Each entry in this array is a pointer stored in little-endian form; on a 64-bit system a pointer is 8 bytes, so in this example we have two constructors, and we can print their addresses with this awful incantation (my specialty!):

(sfcodegen) moyix@isabella:~$ objdump -s -j .init_array foo.so | sed -e '1,/Contents/ d' | cut -c 7-40 | xxd -r -p | od -An -t x8 -w8

 0000000000001110

 0000000000001040

Now we can disassemble them with objdump. The first one is not very exciting:

(sfcodegen) moyix@isabella:~$ objdump -d --start-address=0x0000000000001110 foo.so | head -20


foo.so:     file format elf64-x86-64



Disassembly of section .text:


0000000000001110 <frame_dummy>:

    1110:       f3 0f 1e fa             endbr64 

    1114:       e9 77 ff ff ff          jmpq   1090 <register_tm_clones>

    1119:       0f 1f 80 00 00 00 00    nopl   0x0(%rax)

But the second one is what we want to look for (note: in stripped binaries, you won't see the nice function name, so we'll have to detect it by looking at the actual instructions):

(sfcodegen) moyix@isabella:~$ objdump -d --start-address=0x0000000000001040 foo.so | head -20


foo.so:     file format elf64-x86-64



Disassembly of section .text:


0000000000001040 <set_fast_math>:

    1040:       f3 0f 1e fa             endbr64 

    1044:       0f ae 5c 24 fc          stmxcsr -0x4(%rsp)

    1049:       81 4c 24 fc 40 80 00    orl    $0x8040,-0x4(%rsp)

    1050:       00 

    1051:       0f ae 54 24 fc          ldmxcsr -0x4(%rsp)

    1056:       c3                      retq   

    1057:       66 0f 1f 84 00 00 00    nopw   0x0(%rax,%rax,1)

    105e:       00 00 

This snippet uses stmxcsr to get the value of the MXCSR register, ORs it with 0x8040 (MTZ | DAZ), and then uses ldmxcsr to save it back into the MXCSR register.
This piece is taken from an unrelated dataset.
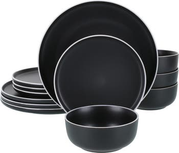 The elegant design of this versatile dinner set is defined by a matte finish and a bold contrasting border, complete with plates and bowls for four place settings.

Simple enough!

I wrote a hacky Python script that uses basically these same objdump commands to disassemble each constructor up until the first return (retq) instruction, and report if any of them contain all three of stmxcsr, ldmxcsr, and the constant 0x8040. This will miss any code pattern that doesn't exactly match the code found in gcc's crtfastmath library, but it's good enough and shouldn't have false positives.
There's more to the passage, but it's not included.